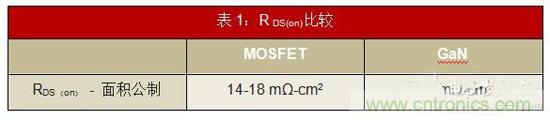 • 較低的RDS(on):如表1所示,GaN的MOSFET面積為RDS(on)的一半。這直接使電路中傳導(dǎo)損耗降低了50%。因此,您可以在設(shè)計(jì)中使用較小的散熱器和更簡(jiǎn)單的熱管理。
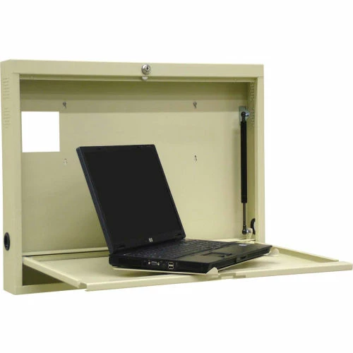 The Omnimed Turntable Laptop Wall Desk is constructed of heavy gauge steel that is powder coated for a durable and easy to clean finish. Designed to adapt to user position, the laptop turntable plate rotates 360 degrees and locks in a front facing position. The front panel smoothly opens and closes using an adjustable gas cylinder and has a flat key lock for security. There are openings for heat dissipation on the side of each desk and multiple entry ports for all power and cabling needs. An optional 12 CMF fan (291498)may also be used to increase heat dispersal. The unit accommodates all laptop sizes and measures 23-3/4 inches high by 30 inches wide and 4 inches deep. Available in beige or light grey, it is warranted for 5 years with 1 year on the gas spring and lock.
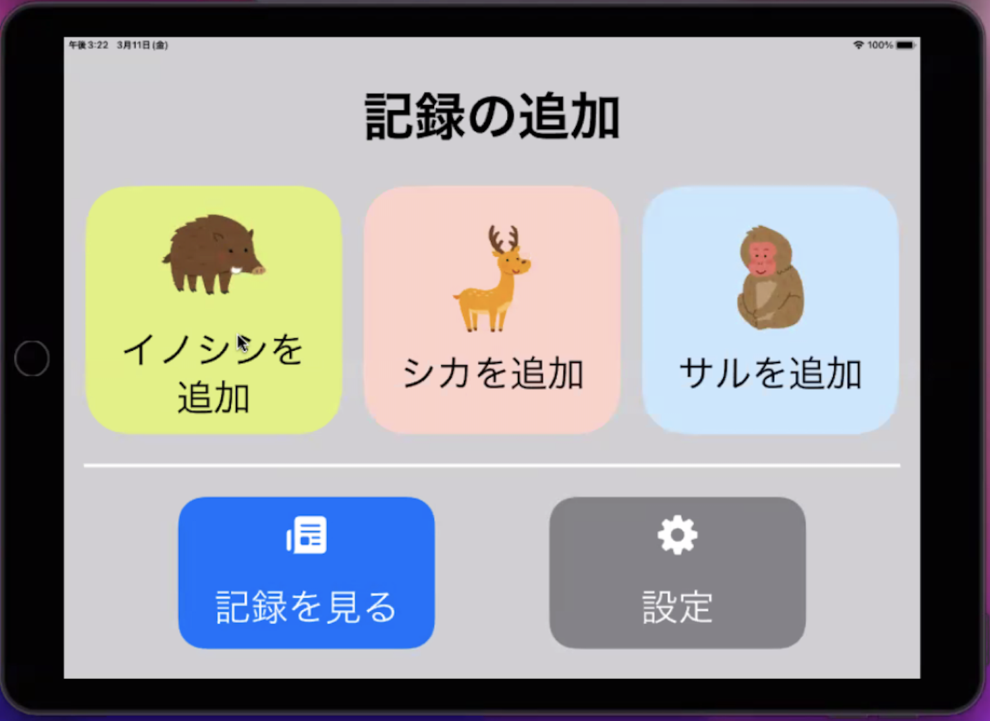 愛媛大学の武山絵美教授と協働開発したiPadアプリです。農作物を食べるイノシシやシカの害獣問題を解決するためのものです。捕獲者の皆さんがイノシシやシカを捕獲した際には、自治体への報告が必要になるのですが、その一連の流れをデジタル化するシステムを開発しました。
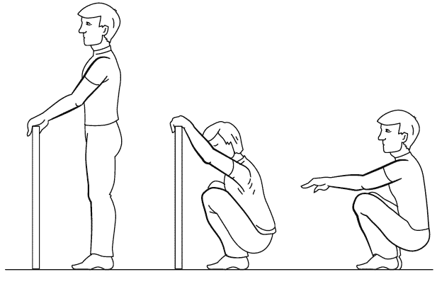 Выполнять в положении стоя. Ноги находятся на ширине плеч. Держаться вытянутыми руками за спинку кровати или стула, произвести 3–4 полных приседания. При приседании делать выдох, при подъеме – вдох. Это упражнение облегчает боль в суставах ног, укрепляет мышцы ног и тренирует равновесие.
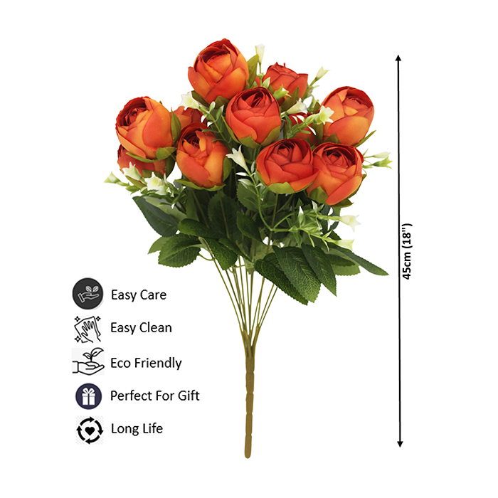 The rose is the national flower. People believe that the rose is the embodiment of love, peace, friendship, courage and dedication. Rose is a beautiful and romantic flower that represents love. Place it on your accent or on dining table and see how it can help add value and aesthetic appeal to your space. These are looking realistic natural even people calls with Artificial Orange Flower.
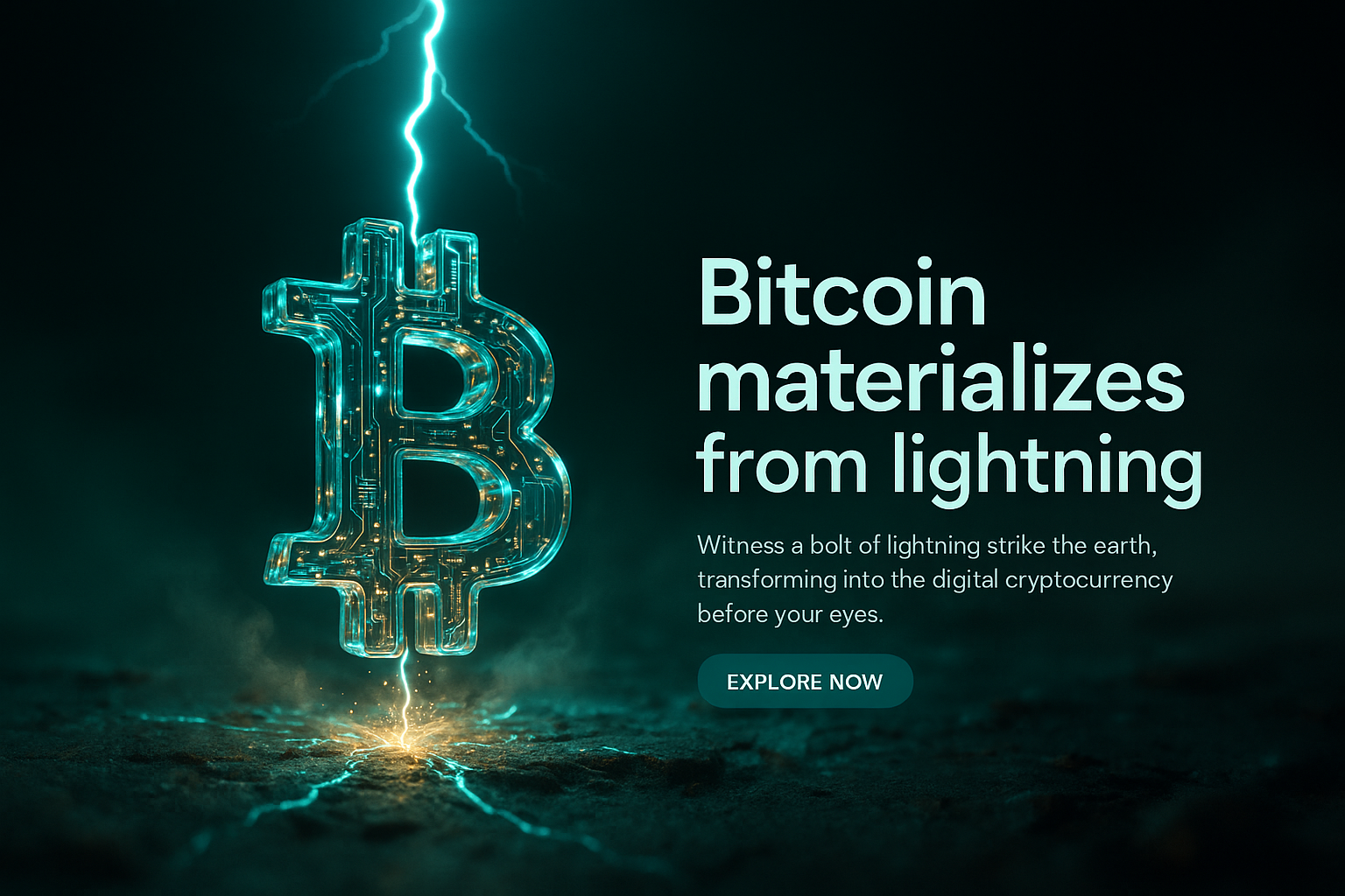 Bitcoin Emerges from Lightning Strike in a Hyperrealistic Scene
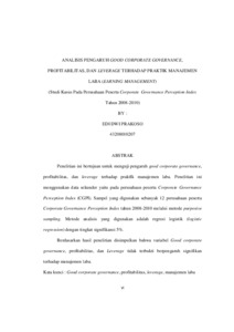 PRAKOSO, EDI DWI (2012) ANALISIS PENGARUH MEKANISME GOOD CORPORATE GOVERNANCE, PROFITABILITAS DAN LEVERAGE TERHADAP PRAKTIK MANAJEMEN LABA (EARNING MANAGEMENT) (Studi Kasus Pada Perusahaan Peserta Corporate Governance Perception Index Tahun 2008-2010). S1 thesis, Universitas Mercu Buana Jakarta.
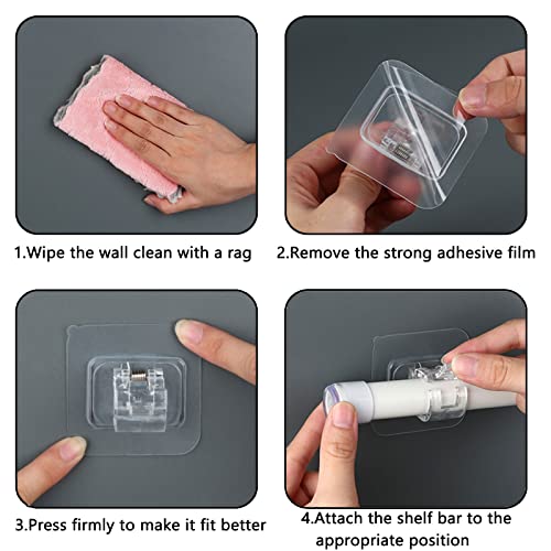 🎈Passaggi per l’uso: 1. Asciugare il muro con un panno, senza lasciare tracce d’acqua, altrimenti si staccherà facilmente. 2. Staccare l’adesivo dal retro del gancio. 3. Premere con decisione sul gancio per adattarlo meglio alla parete. 4. Fissare l’asta alla rientranza e fissare.
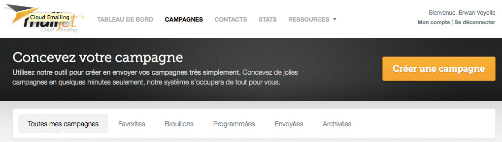 La solution la plus simple, au premier abord, est d’utiliser les outils de Mailjet pour créer une campagne (une lettre).
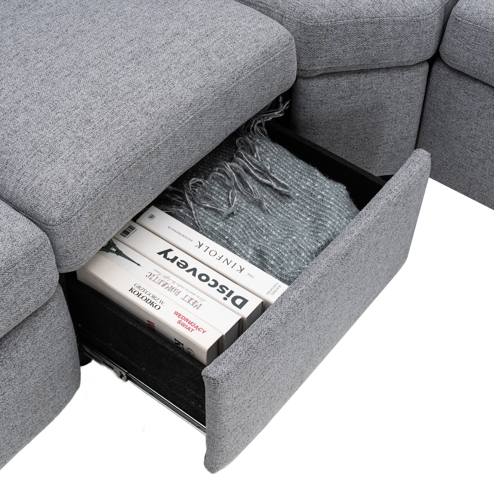 - Two Convenient Storage Drawers - There are two drawers located beneath the seats which can be used to neatly store away items like remote controls, magazines, books, or even snacks. This feature helps keep your living area tidy and organized while ensuring that everything you need is always within easy reach.
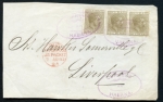 Lot #192 | Year: 1882 Scott: 104 Strip of three on front to England. Liverpool US Packet marking. |
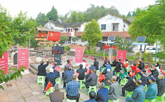 在大足区中敖镇观寺村,埂生基生态农业有限公司支部书记刁中学在田坎上带领着产业工人在手机上观看党的二十大直播盛况。刁中学说:“党的二十大报告中提出‘坚持农业农村优先发展’,为基层全面推进乡村振兴提供了遵循,坚定了信心。作为非公党支部书记,必须理清思路,找准抓手,把群众利益、人民幸福作为出发点和立足点,一项一项去落实,一点一滴去推进。立足镇情村情实际,既要抓住外部机遇,又要激发内生动力,聚焦产业转型、基层治理,积极谋划推进村企结对、村村融合的集体经济发展模式,坚定不移推进乡村振兴,坚持不懈提高人民群众的幸福感和获得感,努力蹚出一条具有观寺特色的乡村振兴新路子。”
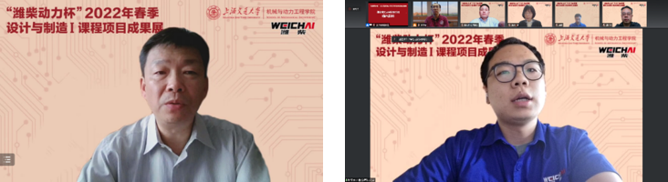 学院院长杜朝辉、党委副书记胡永祥,潍柴动力公司人力资源部陈朱友和、发动机研究院谷允成博士,以及全体课程教师参加了活动。杜朝辉指出在疫情期间完成课程设计不易,强调了设计与制造类课程形式改革是培养学生能力的重要举措,同时勉励学生努力学习,积极实践,培养工匠精神。胡永祥指出,虽然在疫情期间课程设计无法付诸于制造、加工,但是实验室开放后鼓励学生积极进行制造加工的实践,学院会给予最大的支持,同时他也勉励学生再接再厉,在课程学习中不断打磨自身能力和技术,精益求精。陈朱友和介绍了潍柴动力人才培养工作,希望双方在校企合作、产教融合等方面进一步深化合作,提高人才培养质量。
______________________________
Exercise directions:
An exact copy of the lines from the one with "- Two Convenient" through the end of the entries above, both included, is the whole answer. It contains no pictures.

Response:
 - Two Convenient Storage Drawers - There are two drawers located beneath the seats which can be used to neatly store away items like remote controls, magazines, books, or even snacks. This feature helps keep your living area tidy and organized while ensuring that everything you need is always within easy reach.
 Lot #192 | Year: 1882 Scott: 104 Strip of three on front to England. Liverpool US Packet marking. |
 在大足区中敖镇观寺村,埂生基生态农业有限公司支部书记刁中学在田坎上带领着产业工人在手机上观看党的二十大直播盛况。刁中学说:“党的二十大报告中提出‘坚持农业农村优先发展’,为基层全面推进乡村振兴提供了遵循,坚定了信心。作为非公党支部书记,必须理清思路,找准抓手,把群众利益、人民幸福作为出发点和立足点,一项一项去落实,一点一滴去推进。立足镇情村情实际,既要抓住外部机遇,又要激发内生动力,聚焦产业转型、基层治理,积极谋划推进村企结对、村村融合的集体经济发展模式,坚定不移推进乡村振兴,坚持不懈提高人民群众的幸福感和获得感,努力蹚出一条具有观寺特色的乡村振兴新路子。”
 学院院长杜朝辉、党委副书记胡永祥,潍柴动力公司人力资源部陈朱友和、发动机研究院谷允成博士,以及全体课程教师参加了活动。杜朝辉指出在疫情期间完成课程设计不易,强调了设计与制造类课程形式改革是培养学生能力的重要举措,同时勉励学生努力学习,积极实践,培养工匠精神。胡永祥指出,虽然在疫情期间课程设计无法付诸于制造、加工,但是实验室开放后鼓励学生积极进行制造加工的实践,学院会给予最大的支持,同时他也勉励学生再接再厉,在课程学习中不断打磨自身能力和技术,精益求精。陈朱友和介绍了潍柴动力人才培养工作,希望双方在校企合作、产教融合等方面进一步深化合作,提高人才培养质量。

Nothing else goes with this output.